» **What needs to be done**
Nothing but the text of the records belongs in your answer: repeat all of it exactly and leave out the images.
+--
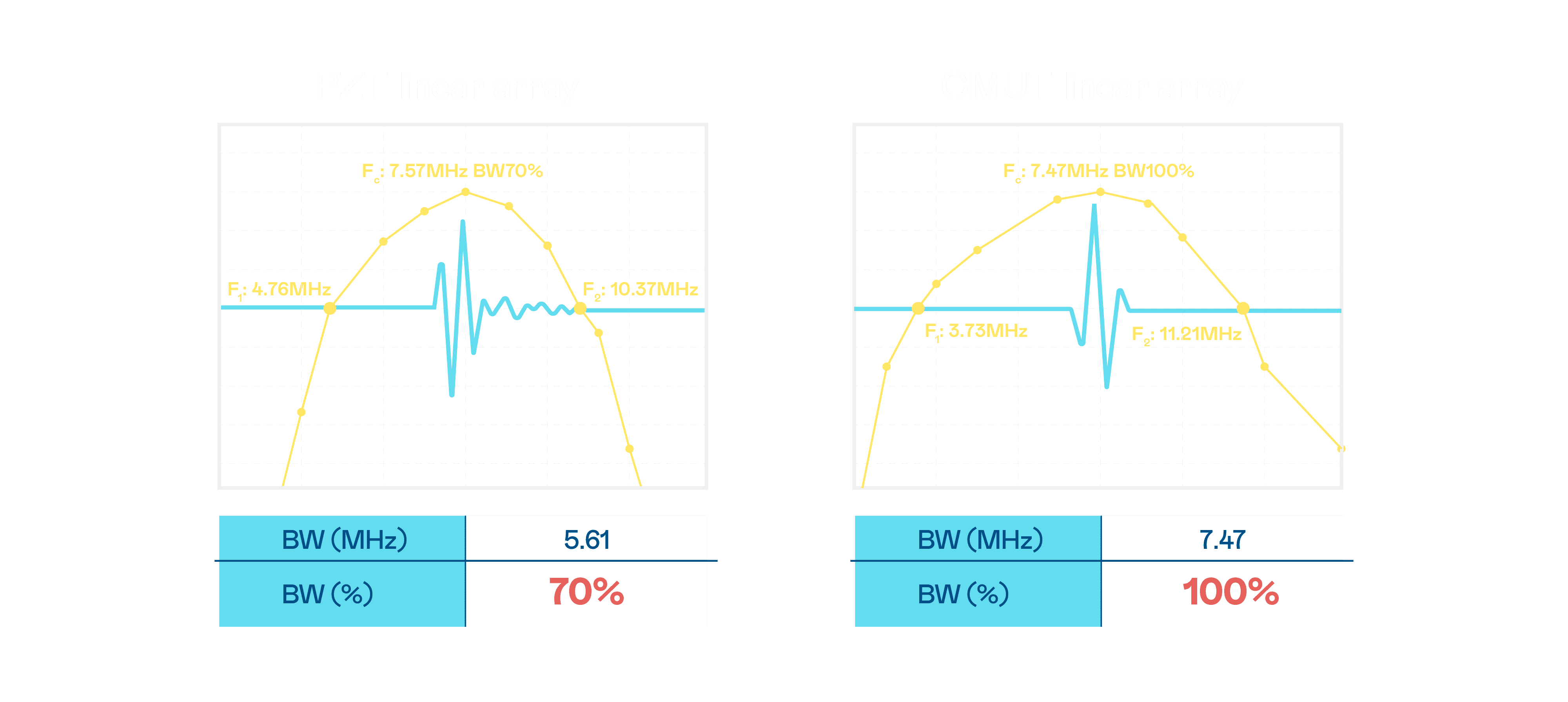 超音波影像的解析度高低,,,,首先取决于探头能发出的讯号频宽。。杏悦2 CMUT 可提供高清晰的超音波讯号,,提供高频宽、、、、高灵敏度、、、、影像纹理细节更高的超音波影像,,,,协助医护人员缩短影像判读时间及利用精准的医疗影像进行诊断。。。
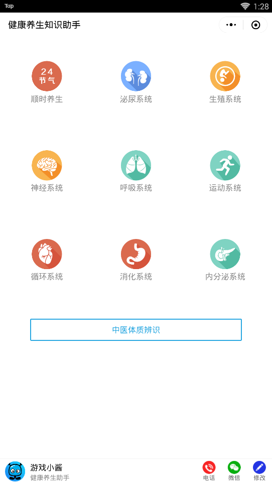 健康养生知识助手,提供了顺时养生、泌尿系统、生殖系统、神经系统、呼吸系统、运动系统、循环系统、消化系统以及内分泌系统等知识,并可进行中医体质辨别。 健康养生知识助手内容: 健康养生案例介绍
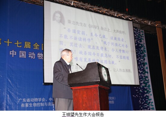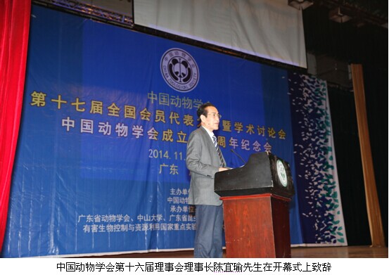 中國動物學會第十七屆全國會員代表大會暨學術討論會、中國動物學會成立八十周年紀念會,於2014年11月17-20日在廣州市中山大學隆重舉行。會議由中國動物學會主辦,廣東省動物學會、中山大學、華南瀕危必威在线网址 (廣東省昆蟲研究所)、有害生物控製與資源利用國家重點實驗室(中山大學)和廣州動物園共同承辦。來自全國29個省、市、自治區及香港地區的中國動物學會會員、動物學界的專家、學者及相關領域的科技工作者、學生代表、工作人員等近700人歡聚一堂,共同慶祝中國動物學會成立八十周年並進行學術交流。中國動物學會理事長陳宜瑜院士,中山大學黨委書記鄭德濤,中山大學副校長黎孟楓,中國科協學會學術部巡視員顏利民,廣東省科協黨委書記何真,中山大學生命科學大學院副院長鄭利民,廣東省動物學會理事長、中山大學海洋學院院長何建國,廣東省科協學會學術部部長錢春,中國科學院廣州分院、廣東省科學院副院長李定強,中國科學院院士鄭光美、朱作言、孟安明、金力、桂建芳,中國工程院院士林浩然、馬建章等,95歲高齡的老理事王所安先生、中國動物學會的第十四屆理事會理事長陳大元,以及部分老專家如馬逸清、周開亞、曹玉萍、楊竹舫、袁喜才等到會。會議分為中國動物學會成立80周年紀念、會員代表大會和專題學術交流三部分,會議共收到論文摘要398篇。
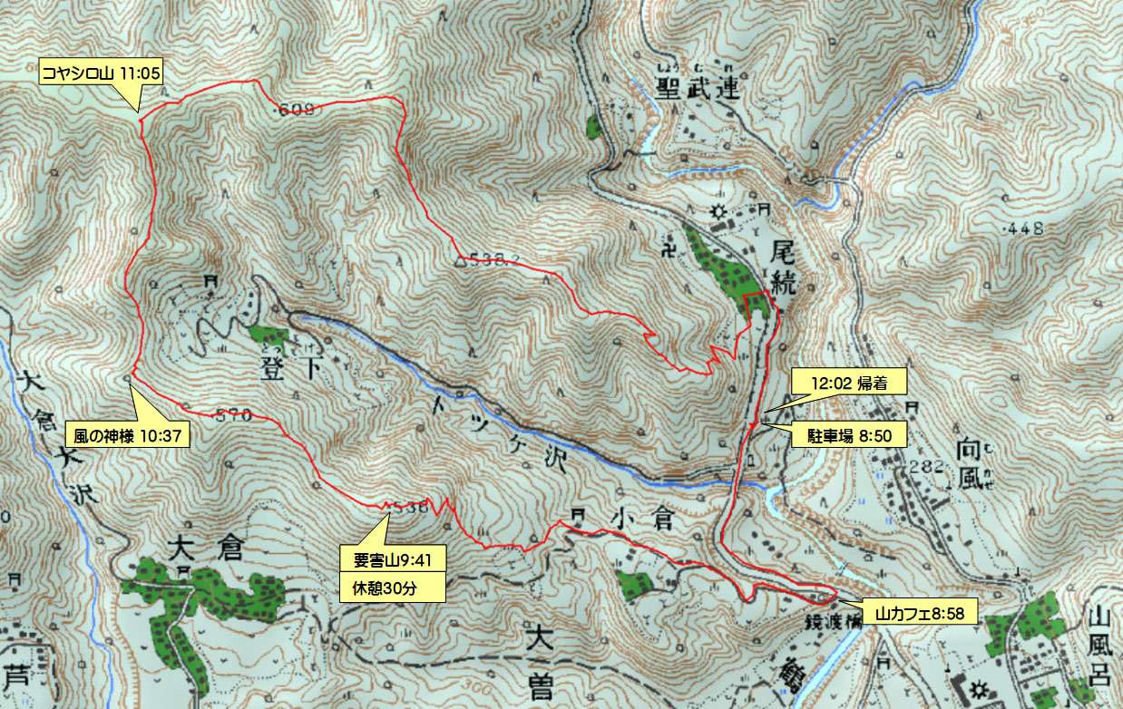 駐車場から要害山、風の神様、コヤシロ山までは見晴らしを楽しめますが、それ以降は樹林帯の中で黙々と下るだけです。
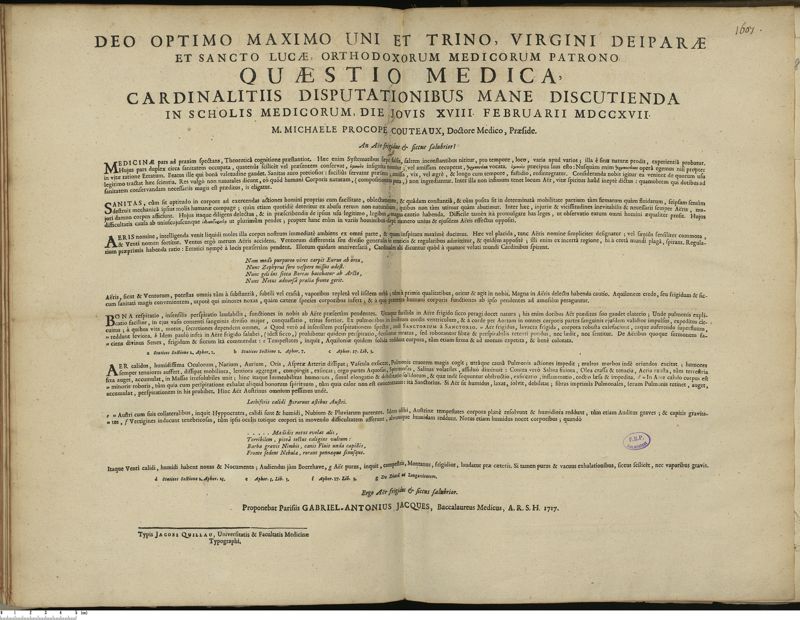 Paris : Typis Jacobi Quillau, Universitatis & Facultatis Medicinae Typographi.
+--
» **Answer to the exercise**
 超音波影像的解析度高低,,,,首先取决于探头能发出的讯号频宽。。杏悦2 CMUT 可提供高清晰的超音波讯号,,提供高频宽、、、、高灵敏度、、、、影像纹理细节更高的超音波影像,,,,协助医护人员缩短影像判读时间及利用精准的医疗影像进行诊断。。。
 健康养生知识助手,提供了顺时养生、泌尿系统、生殖系统、神经系统、呼吸系统、运动系统、循环系统、消化系统以及内分泌系统等知识,并可进行中医体质辨别。 健康养生知识助手内容: 健康养生案例介绍
 中國動物學會第十七屆全國會員代表大會暨學術討論會、中國動物學會成立八十周年紀念會,於2014年11月17-20日在廣州市中山大學隆重舉行。會議由中國動物學會主辦,廣東省動物學會、中山大學、華南瀕危必威在线网址 (廣東省昆蟲研究所)、有害生物控製與資源利用國家重點實驗室(中山大學)和廣州動物園共同承辦。來自全國29個省、市、自治區及香港地區的中國動物學會會員、動物學界的專家、學者及相關領域的科技工作者、學生代表、工作人員等近700人歡聚一堂,共同慶祝中國動物學會成立八十周年並進行學術交流。中國動物學會理事長陳宜瑜院士,中山大學黨委書記鄭德濤,中山大學副校長黎孟楓,中國科協學會學術部巡視員顏利民,廣東省科協黨委書記何真,中山大學生命科學大學院副院長鄭利民,廣東省動物學會理事長、中山大學海洋學院院長何建國,廣東省科協學會學術部部長錢春,中國科學院廣州分院、廣東省科學院副院長李定強,中國科學院院士鄭光美、朱作言、孟安明、金力、桂建芳,中國工程院院士林浩然、馬建章等,95歲高齡的老理事王所安先生、中國動物學會的第十四屆理事會理事長陳大元,以及部分老專家如馬逸清、周開亞、曹玉萍、楊竹舫、袁喜才等到會。會議分為中國動物學會成立80周年紀念、會員代表大會和專題學術交流三部分,會議共收到論文摘要398篇。
 駐車場から要害山、風の神様、コヤシロ山までは見晴らしを楽しめますが、それ以降は樹林帯の中で黙々と下るだけです。
 Paris : Typis Jacobi Quillau, Universitatis & Facultatis Medicinae Typographi.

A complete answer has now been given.